By analyzing existing cross correlation between Qbe Insurance Group and Hastings Rare Metals, you can compare the effects of market volatilities on Qbe Insurance and Hastings Rare and check how they will diversify away market risk if combined in the same portfolio for a given time horizon. You can also utilize pair trading strategies of matching a long position in Qbe Insurance with a short position of Hastings Rare. Check out your portfolio center. Please also check ongoing floating volatility patterns of Qbe Insurance and Hastings Rare.
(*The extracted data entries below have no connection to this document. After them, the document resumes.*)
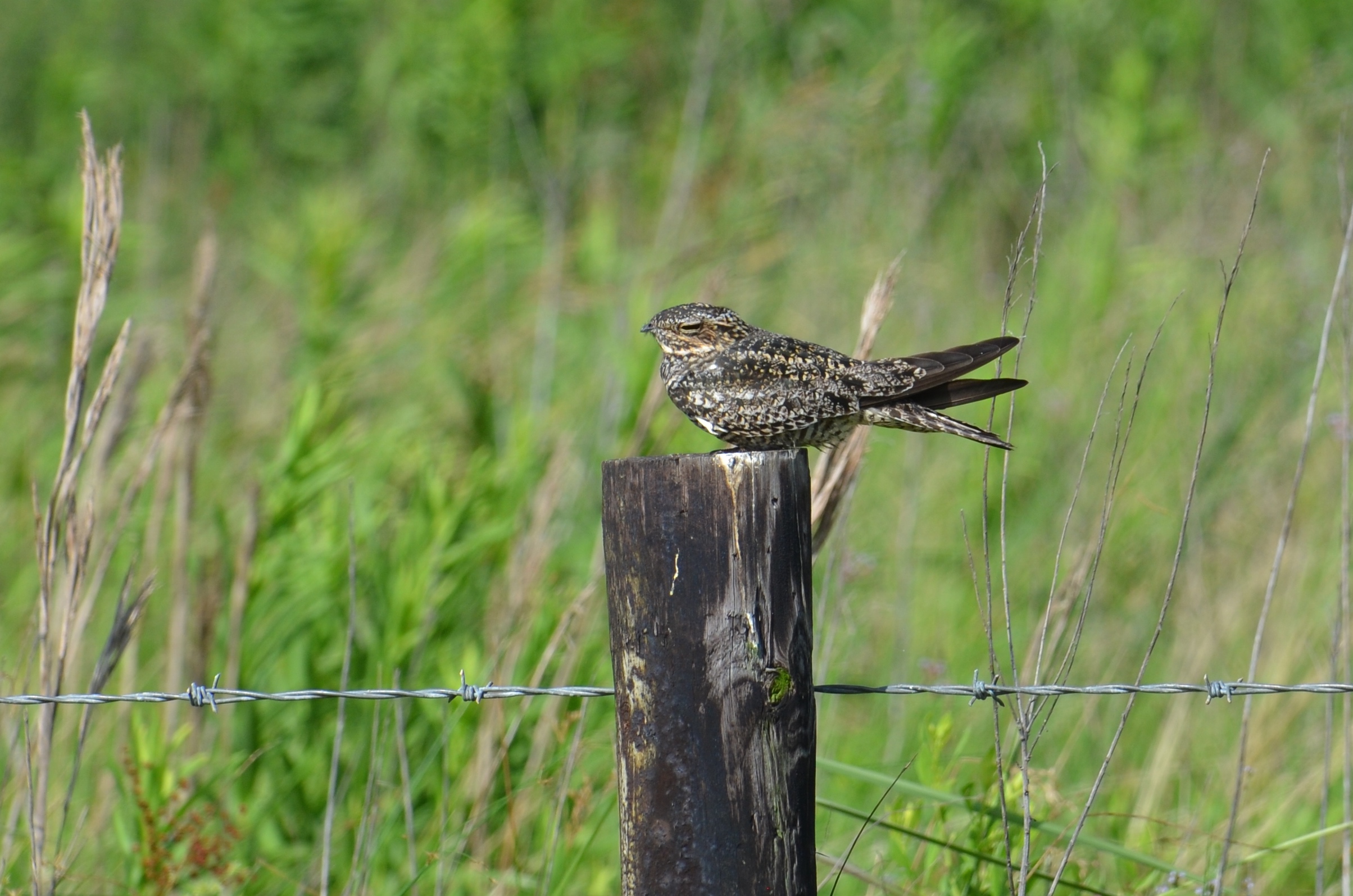 Very entertaining! Beautiful photos of the Dickcissel, and I always thought Boat-tailed Grackles were terribly elegant, too. Your description of them in parking lots brings back memories of them around a swimming pool in Georgia – perfect. I have only seen NIghthawks in flight – I used to love hearing the first ones arrive, those wonderful “peeents” and soaring dagger-like shapes over the city buildings in the evening…very interesting to see your seated bird photos!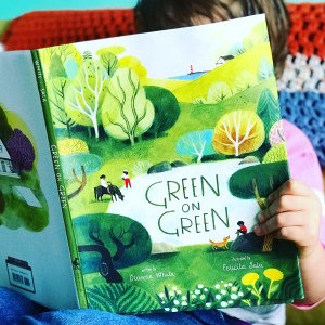 Hello, friends! Our book today is Green On Green, written by Dianne White and illustrated by Felicita Sala, a lovely meditation on color, the seasons, and family.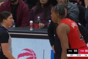 巴恩斯和马克西无球端推搡被吹犯规 前者疯狂向裁判抱怨被吹T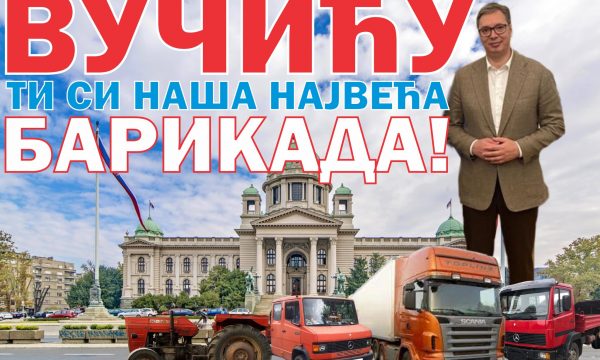 “Vuçiq ti je barrikada jonë më e madh”, thuhet në mbishkrimin e fotografisë.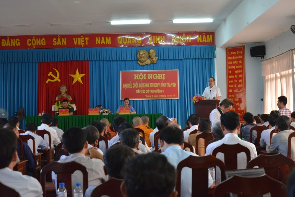 Tiếp tục chương trình tiếp xúc cử tri tại Trà Vinh, chiều 12-5, Đoàn ĐBQH đơn vị tỉnh Trà Vinh trong đó có ông Nguyễn Thiện Nhân, Bí thư Thành ủy TP.HCM, đã có buổi tiếp xúc cử tri phường 9, TP Trà Vinh.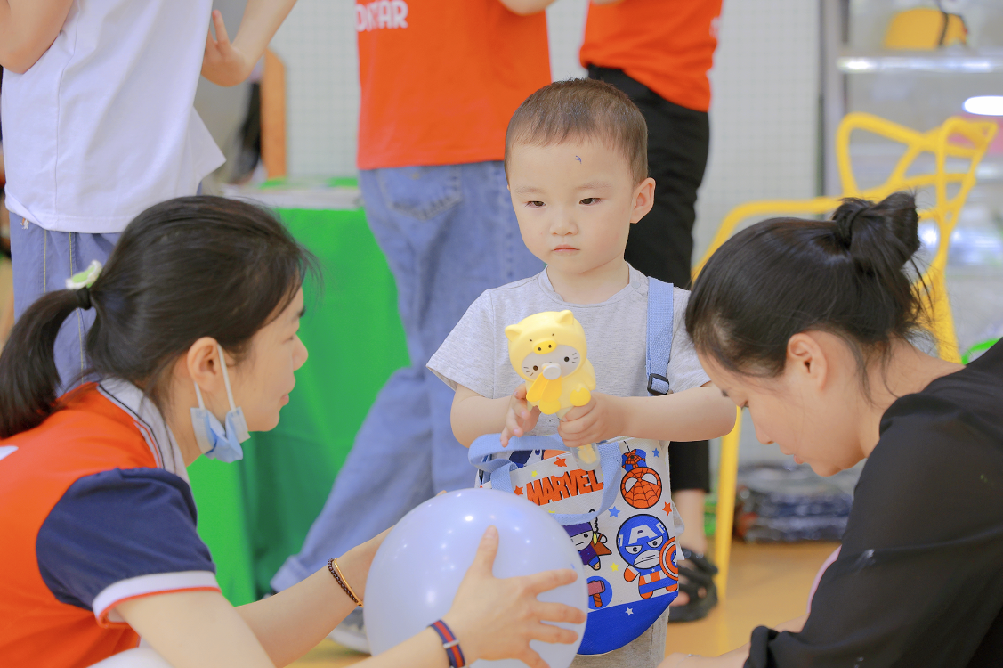 活动还未开始,宝贝和爸爸妈妈们已经在签到处集合,现场人头攒动,热闹非凡。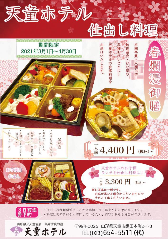 この度春期間限定の仕出し料理、『春爛漫御膳』が誕生いたしました♪『春爛漫御膳』は卒園卒業、入園入学、歓送迎会はもちろん、ひな祭や各種お祝いごとにご利用いただけます!2021年3月1日〜4月30日の期間限定仕出し、ご予約受付中です!また、天童ホテルのお子様ランチを仕出し料理にした『お子様用仕出し』も販売することとなりました。特別な日のお食事に、ご家族皆様でぜひ天童ホテルのお料理をご堪能いただけましたら幸いです!▼春の仕出し春爛漫御膳 【期間限定】▼■1人前4,400(税込)〜・中華前菜盛り合わせ・海老のクリームマヨネーズソース・白身魚のすり身包みコトレッタ・角切りビーフソテー 野菜添え・彩りちらし寿司※2021年3月1日〜4月30日の期間限定になります。▼仕出し料理各種 【通年販売中】▼■1人前8,800円(税込)〜・中国前菜盛り合わせ・旬の煮魚・有頭海老チリソース・蟹爪フリッター黒酢ソース・庄内豚のピザイオラ風・蔵王牛サーロインのグリエ 野菜添え・穴子ちらし寿司・デザートとフルーツ■1人前5,500円(税込)〜・中国前菜盛り合わせ・鳳凰海老チリソース・蟹爪マヨネーズ・白身魚のすり身包みコトレッタ・牛フィレのグリエ 野菜添え・鮭といくらのちらし寿司■1人前3,300円(税込)〜・中国前菜盛り合わせ・海老チリソース・蟹爪マヨネーズ・角切りビーフソテー 野菜添え・鮭といくらのちらし寿司■お子様用仕出し 1人前3,300円(税込)〜※掲載写真の御献立と異なる場合がございます。 ?3日前までにご予約ください。?配達は仕出しの種類関係なくご注文総額30,000円以上から承ります。※来館してのお持ち帰りの場合は金額ご相談ください?御献立は仕入れ状況により変わる場合があります美味求真の宿 天童ホテルTEL 023-654-5511(電話受付8:00〜17:00)https://www.tendohotel.co.jp

Diversification Opportunities for Qbe Insurance and Hastings Rare

0.38
  Correlation Coefficient

Weak diversification

The 3 months correlation between Qbe and Hastings is 0.38. Overlapping area represents the amount of risk that can be diversified away by holding Qbe Insurance Group and Hastings Rare Metals in the same portfolio, assuming nothing else is changed. The correlation between historical prices or returns on Hastings Rare Metals and Qbe Insurance is a relative statistical measure of the degree to which these equity instruments tend to move together. The correlation coefficient measures the extent to which returns on Qbe Insurance Group are associated (or correlated) with Hastings Rare. Values of the correlation coefficient range from -1 to +1, where. The correlation of zero (0) is possible when the price movement of Hastings Rare Metals has no effect on the direction of Qbe Insurance i.e., Qbe Insurance and Hastings Rare go up and down completely randomly.
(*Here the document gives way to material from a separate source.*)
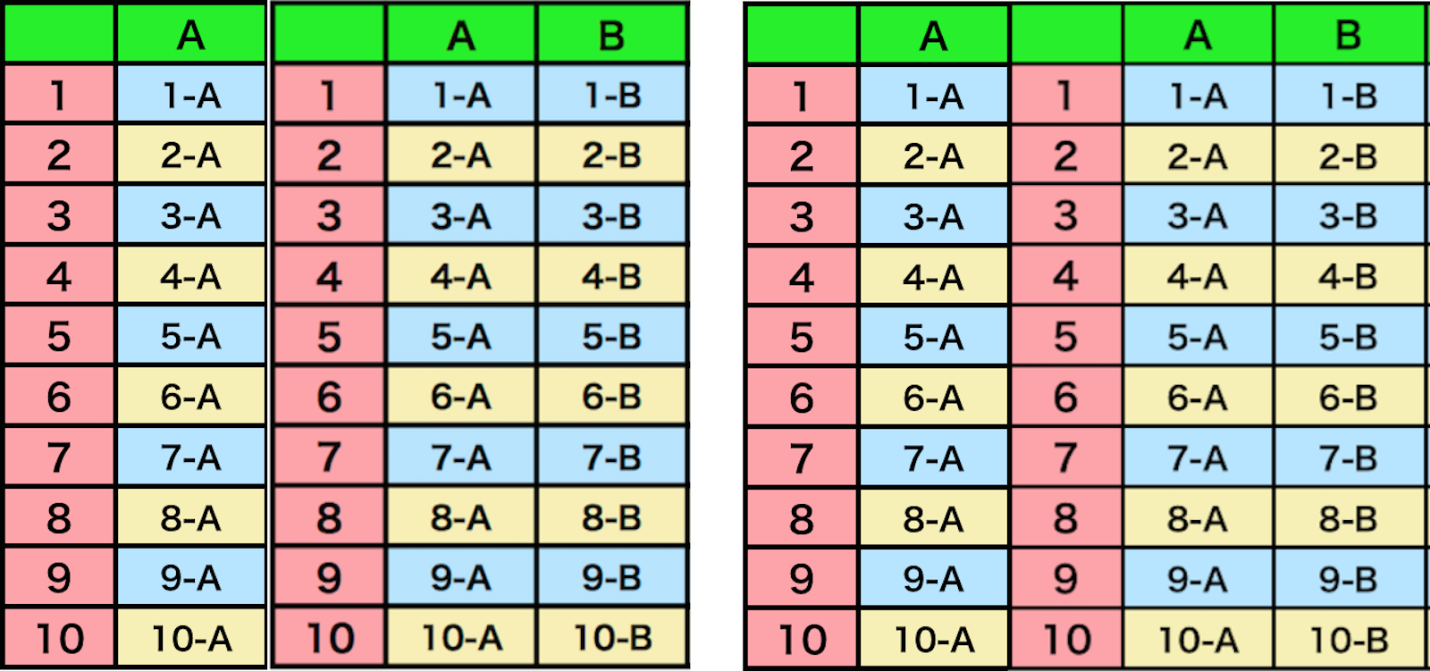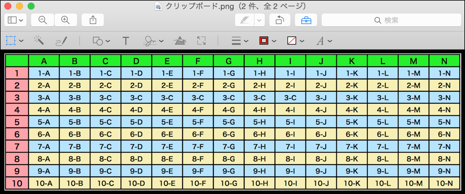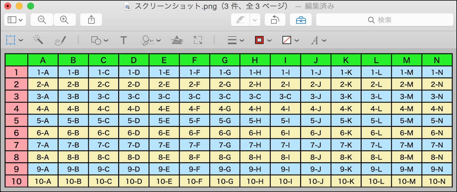 ※ 各々の画像の左側が、実際の「Numbers(3.5.3)」の表です。

Pair Corralation between Qbe Insurance and Hastings Rare

Assuming the 90 days trading horizon Qbe Insurance is expected to generate 1.07 times less return on investment than Hastings Rare. But when comparing it to its historical volatility, Qbe Insurance Group is 3.21 times less risky than Hastings Rare. It trades about 0.21 of its potential returns per unit of risk. Hastings Rare Metals is currently generating about 0.07 of returns per unit of risk over similar time horizon. If you would invest  28.00  in Hastings Rare Metals on October 26, 2024 and sell it today you would earn a total of  4.00  from holding Hastings Rare Metals or generate 14.29% return on investment over 90 days.
Time Period3 Months [change]
DirectionMoves Together 
StrengthVery Weak
Accuracy98.39%
ValuesDaily Returns

Qbe Insurance Group  vs.  Hastings Rare Metals

 Performance 
       Timeline  
Qbe Insurance Group 

Risk-Adjusted Performance

16 of 100

 
Weak
 
Strong
Solid
Compared to the overall equity markets, risk-adjusted returns on investments in Qbe Insurance Group are ranked lower than 16 (%) of all global equities and portfolios over the last 90 days. In spite of comparatively uncertain technical and fundamental indicators, Qbe Insurance unveiled solid returns over the last few months and may actually be approaching a breakup point.
Hastings Rare Metals 

Risk-Adjusted Performance

5 of 100

 
Weak
 
Strong
Modest
Compared to the overall equity markets, risk-adjusted returns on investments in Hastings Rare Metals are ranked lower than 5 (%) of all global equities and portfolios over the last 90 days. In spite of comparatively uncertain basic indicators, Hastings Rare unveiled solid returns over the last few months and may actually be approaching a breakup point.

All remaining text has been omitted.